Hello,
We have a file heirarchy we want to be accessable with MR/Hive/Pig. In this
way everyone can pick favorites :)
Currently the layout looks like this.
/user/root/data/datepartition1/subpartition2/{sequence file1, sequence
fileN)
I have just installed pig-0.6.0. I am trying to follow the advice here (
http://stackoverflow.com/questions/2423949/storing-data-to-sequencefile-from-apache-pig
)
REGISTER /opt/pig-0.6.0/contrib/piggybank/java/piggybank.jar;
DEFINE SequenceFileLoader
org.apache.pig.piggybank.storage.SequenceFileLoader();
raw = load 'datafile' USING SequenceFileLoader as (version:chararray,
id:int,date:chararray);
2010-04-20 12:10:46,821 [main] ERROR org.apache.pig.tools.grunt.Grunt -
ERROR 2999: Unexpected internal error.
org.apache.pig.impl.logicalLayer.FrontendException cannot be cast to
java.lang.Error
[root@rs01 piggybank]# more /root/pig_1271779744816.log
Pig Stack Trace
---------------
ERROR 2999: Unexpected internal error.
org.apache.pig.impl.logicalLayer.FrontendException cannot be cast to
java.lan
g.Error
java.lang.ClassCastException:
org.apache.pig.impl.logicalLayer.FrontendException cannot be cast to
java.lang.Error
at
org.apache.pig.impl.logicalLayer.parser.QueryParser.BaseExpr(QueryParser.java:1440)
at
org.apache.pig.impl.logicalLayer.parser.QueryParser.Expr(QueryParser.java:949)
at
org.apache.pig.impl.logicalLayer.parser.QueryParser.Parse(QueryParser.java:738)
at
org.apache.pig.impl.logicalLayer.LogicalPlanBuilder.parse(LogicalPlanBuilder.java:63)

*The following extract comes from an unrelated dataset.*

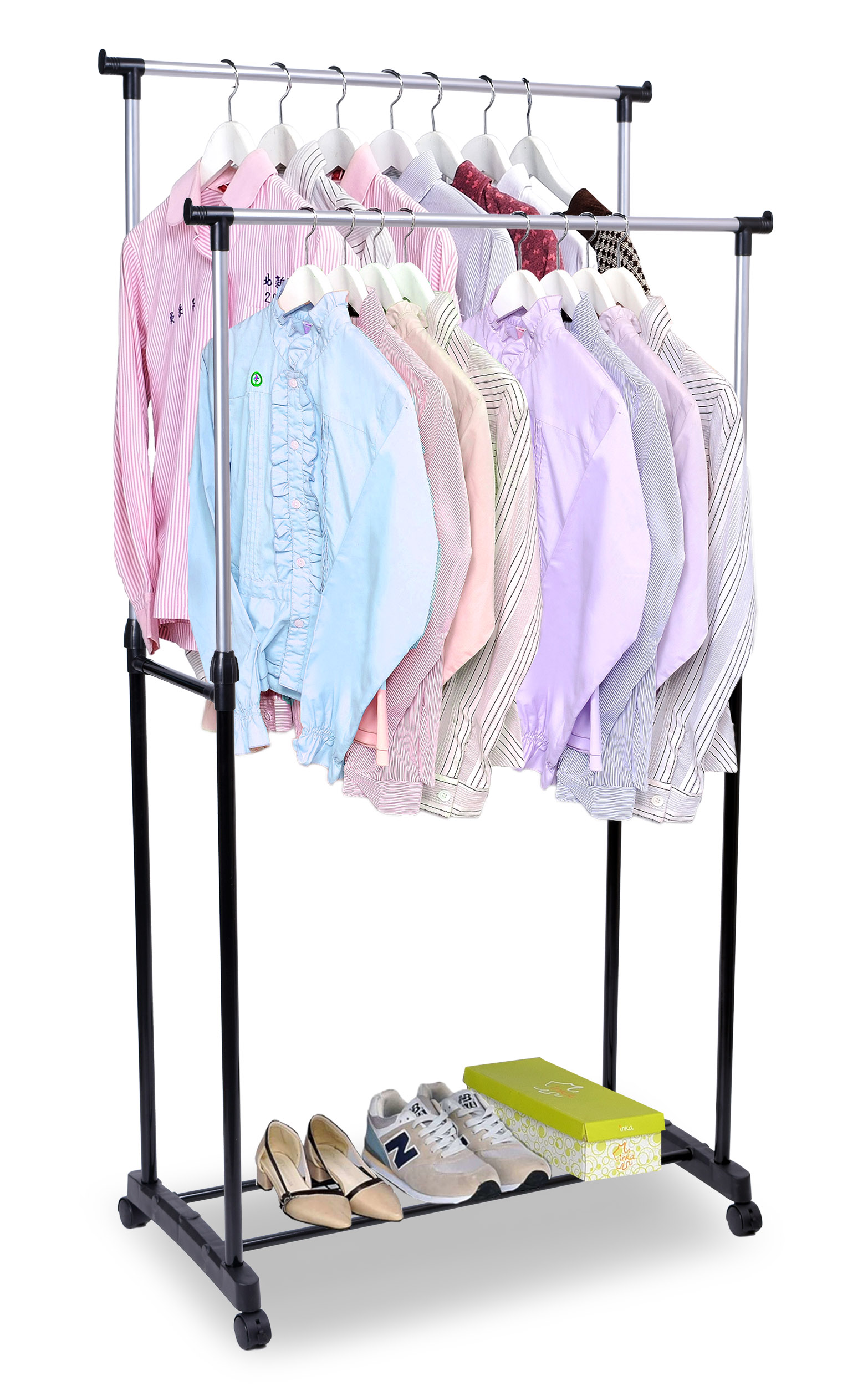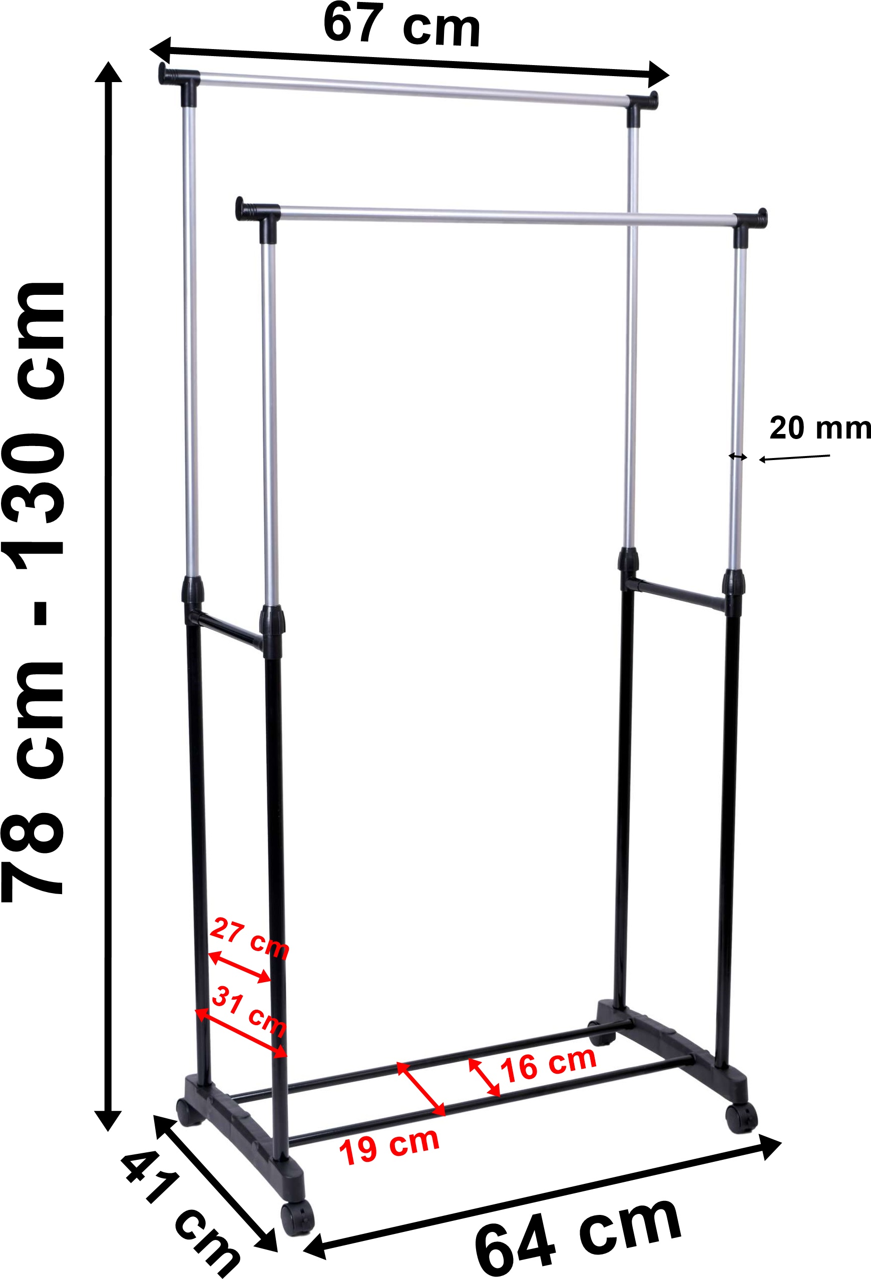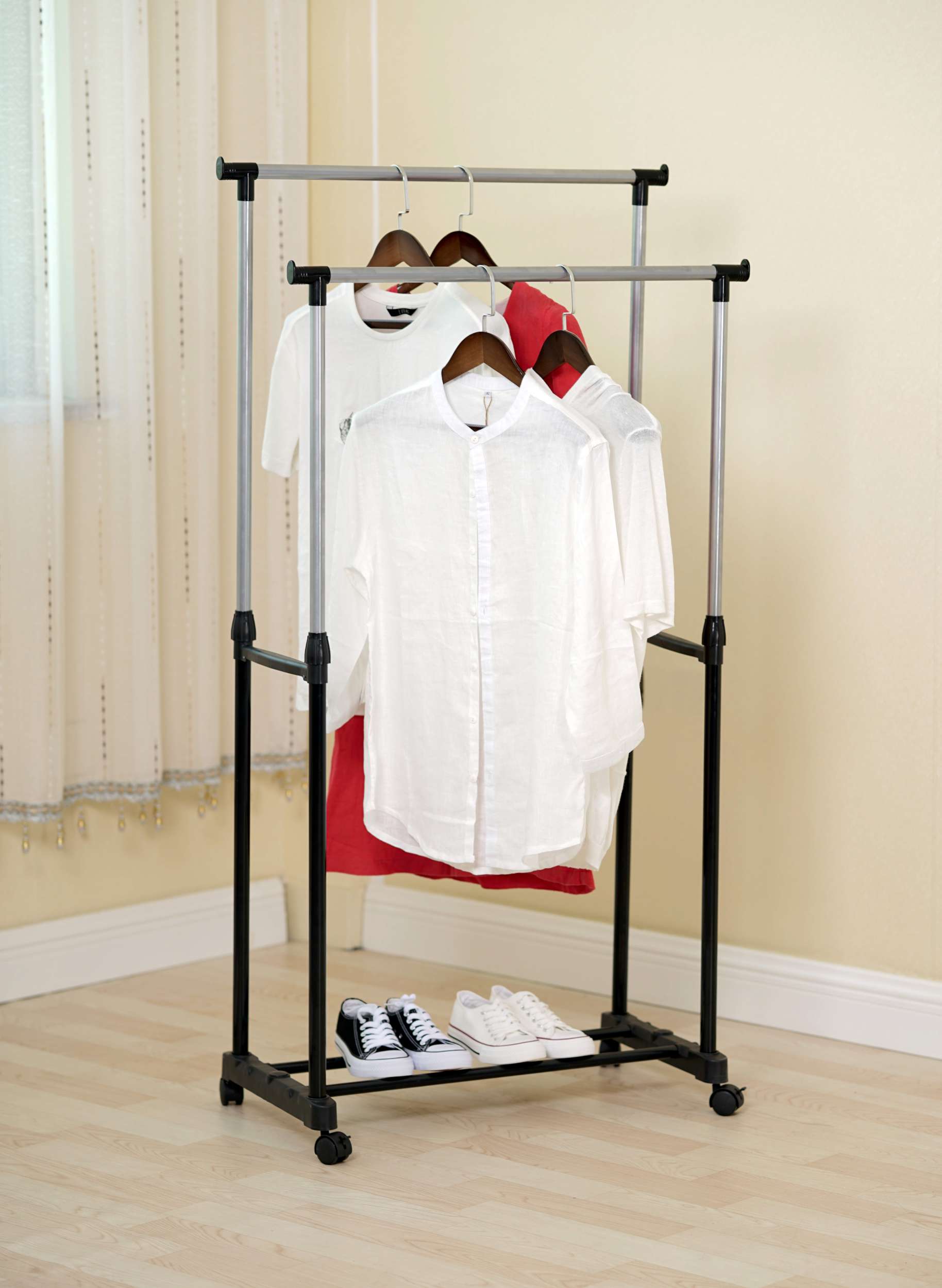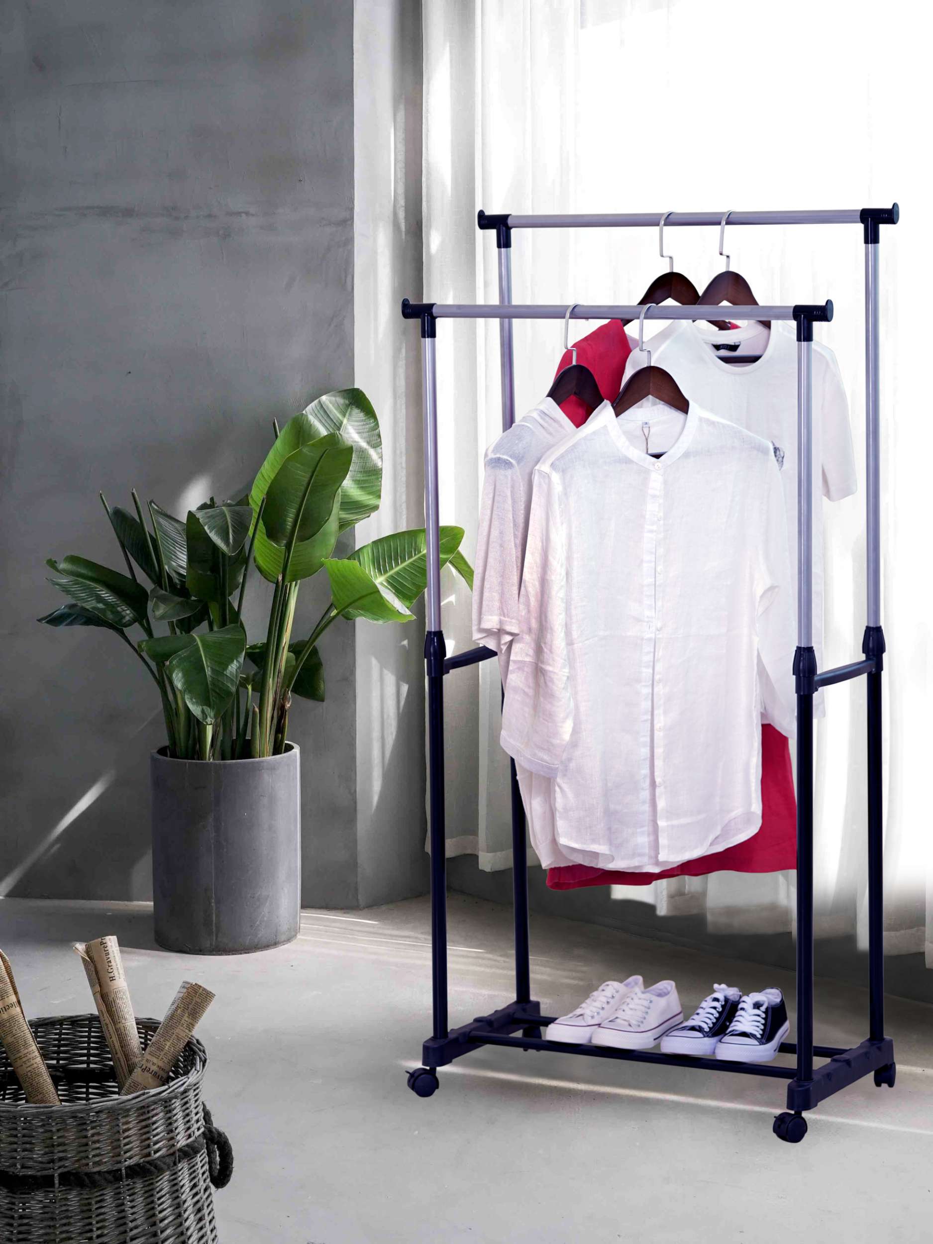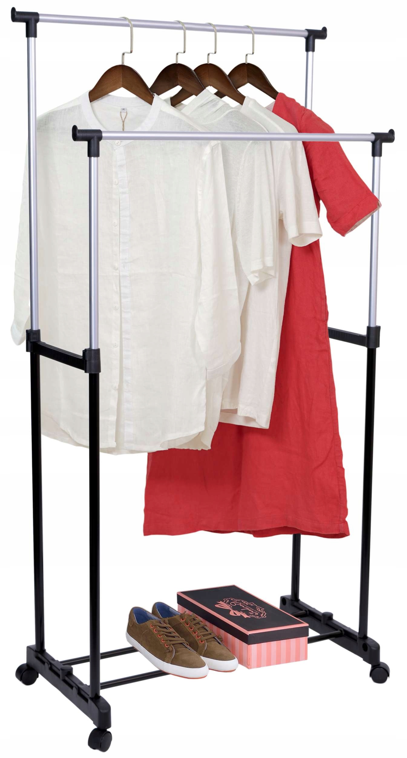 Oferujemy praktyczny i wytrzymały wieszak garderobiany na kółkach MIA. Wieszak sprawdzi się w każdym domu i w biurze, w którym brakuje miejsca do powieszenia odzieży. Nasz produkt został wyposażony w podwójny drążek, którego wysokość można łatwo regulować za pomocą zacisków oraz kółka umożliwiające wygodne przemieszczanie. Dodatkowym atutem wieszaka są nakładki na końce drążka uniemożliwiające zsunięcie się wieszaków z odzieżą. Montaż wieszaka jest niezwykle prosty i nie wymaga użycia narzędzi.

at org.apache.pig.PigServer$Graph.parseQuery(PigServer.java:1036)
at org.apache.pig.PigServer$Graph.registerQuery(PigServer.java:986)
at org.apache.pig.PigServer.registerQuery(PigServer.java:386)
at
org.apache.pig.tools.grunt.GruntParser.processPig(GruntParser.java:720)
at
org.apache.pig.tools.pigscript.parser.PigScriptParser.parse(PigScriptParser.java:324)
at
org.apache.pig.tools.grunt.GruntParser.parseStopOnError(GruntParser.java:168)
at
org.apache.pig.tools.grunt.GruntParser.parseStopOnError(GruntParser.java:144)
at org.apache.pig.tools.grunt.Grunt.run(Grunt.java:75)
at org.apache.pig.Main.main(Main.java:352)
So it seems like I have a bug, or have I done something wrong. looks like a
bug because if Pig can't cast the error correctly something is wrong.
Two questions:
1) Can I load all the files in a directory rather then operating on one
file?
raw = load '/datadir/*' USING SequenceFileLoader as (version:chararray,
id:int,date:chararray);
Rather then
raw = load '/datafile' USING SequenceFileLoader as (version:chararray,
id:int,date:chararray);
2) PigStorage seems to let me specify a tab delimeter. How does once specify
a tab delimeter with SequenceFileLoader? Or does one have to pass the entire
line to some other Pig Component to be tokenized.
Thank you,